= What to do =
Could you output each line below precisely as it stands, without the images?

[Records from a data source]
========================

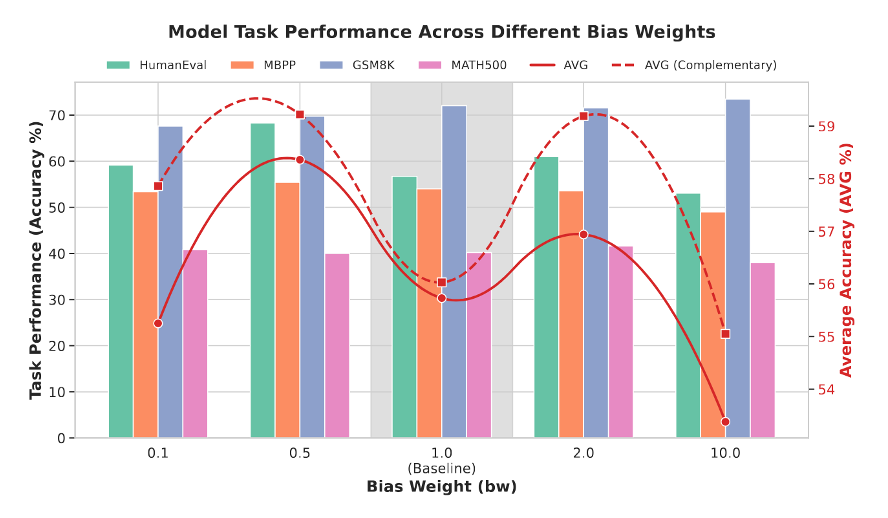 这种将互补掩码与优先级掩码结合的设计得到了一种 1+1>2 的效果,因为它没有把问题简化成 “只要盯住重点就行”,而是承认:语言模型最终还是既要会推理,也得会组织语言。前一种视角更像是在逼模型抓住关键逻辑,后一种视角则是在防止它把句子写散、把上下文关系学丢。论文把这种效果称为一种基于信息密度的 decoupling,本质上是在把一条训练样本里的不同学习目标拆开。
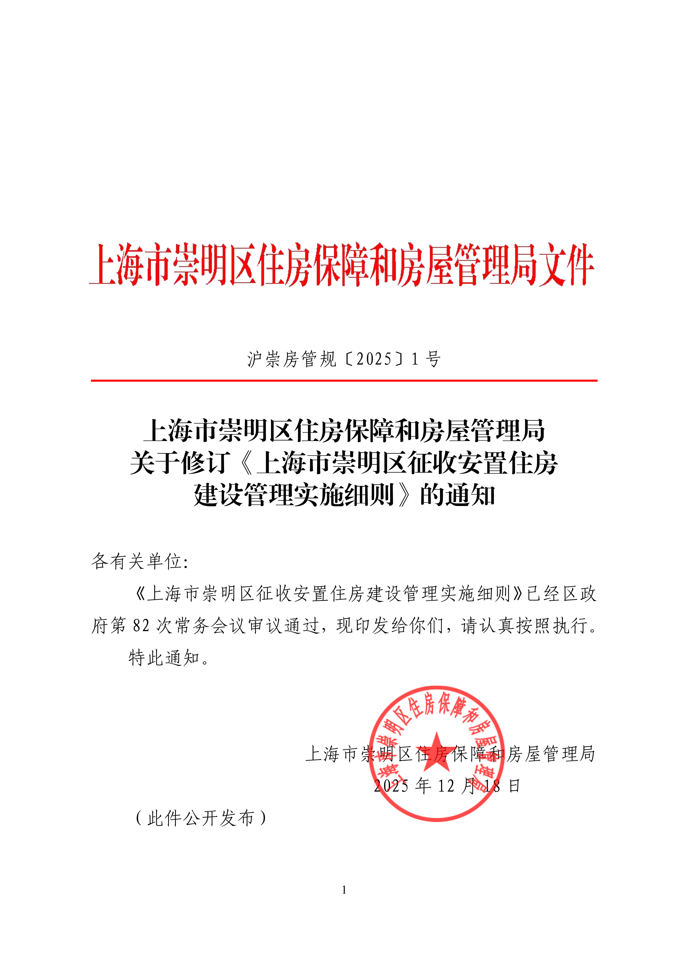 沪崇房管规〔2025〕1号
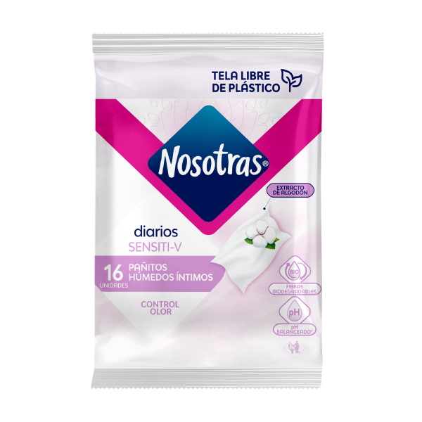 Nuestra Fórmula Sensiti V tiene un suave y agradable aroma, ideal para pieles sensibles y que todo las irrita. Te limpia suave y delicadamente controlando olores. ¡Ahora hechos con fibras de origen natural y biodegradables, 100% libres de plástico!
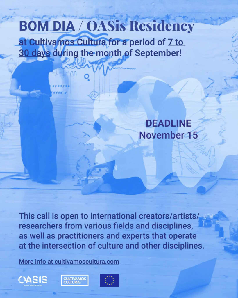 For 2026, one proposal will be selected to join the “Bom Dia” OASis Residency, at Cultivamos Cultura for a period of 7 to 30 days during the month of April.
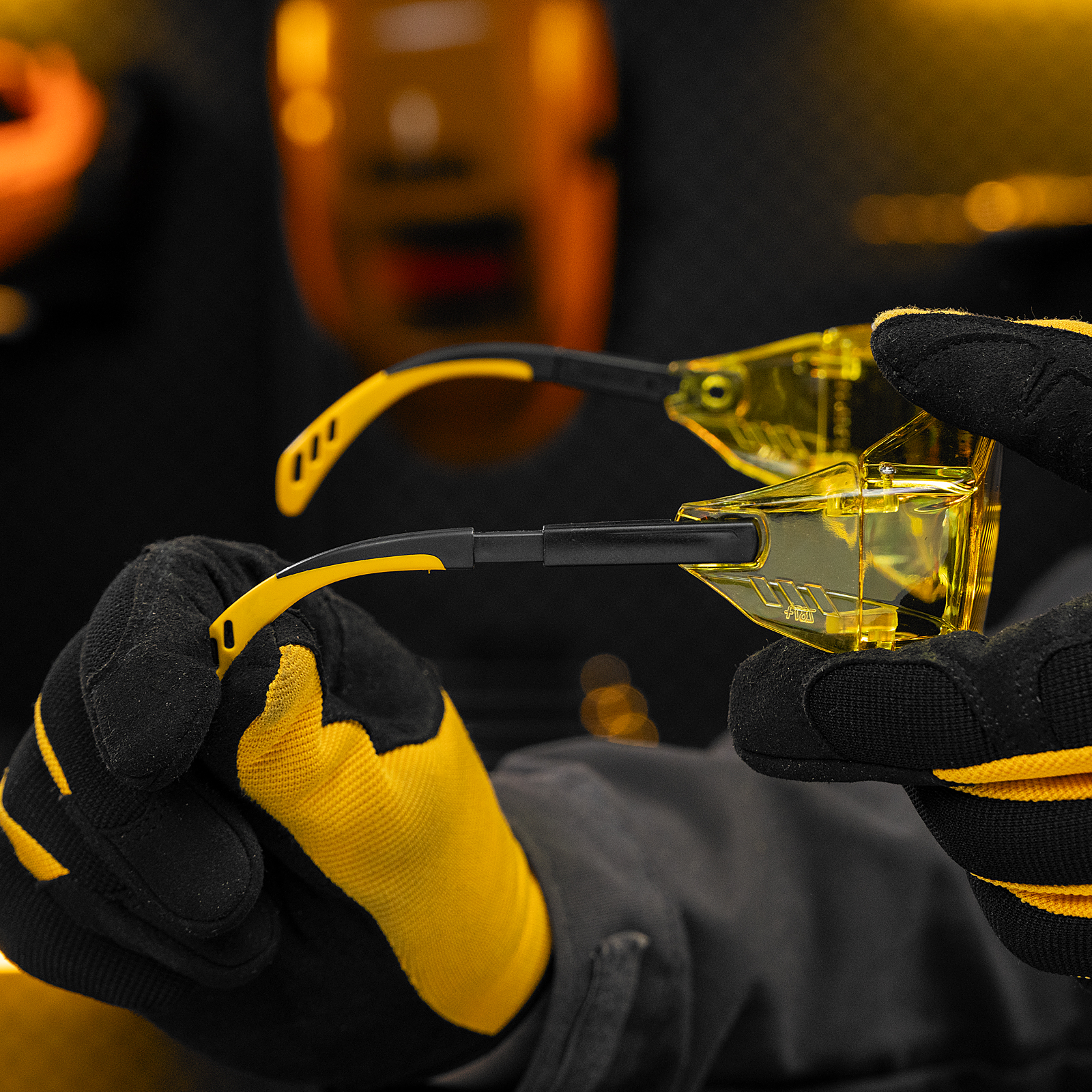 Очки защитные открытые, поликарбонатные, увеличенная желтая линза, регулируемые дужки// Denzel

========================

= Written answer =
 这种将互补掩码与优先级掩码结合的设计得到了一种 1+1>2 的效果,因为它没有把问题简化成 “只要盯住重点就行”,而是承认:语言模型最终还是既要会推理,也得会组织语言。前一种视角更像是在逼模型抓住关键逻辑,后一种视角则是在防止它把句子写散、把上下文关系学丢。论文把这种效果称为一种基于信息密度的 decoupling,本质上是在把一条训练样本里的不同学习目标拆开。
 沪崇房管规〔2025〕1号
 Nuestra Fórmula Sensiti V tiene un suave y agradable aroma, ideal para pieles sensibles y que todo las irrita. Te limpia suave y delicadamente controlando olores. ¡Ahora hechos con fibras de origen natural y biodegradables, 100% libres de plástico!
 For 2026, one proposal will be selected to join the “Bom Dia” OASis Residency, at Cultivamos Cultura for a period of 7 to 30 days during the month of April.
 Очки защитные открытые, поликарбонатные, увеличенная желтая линза, регулируемые дужки// Denzel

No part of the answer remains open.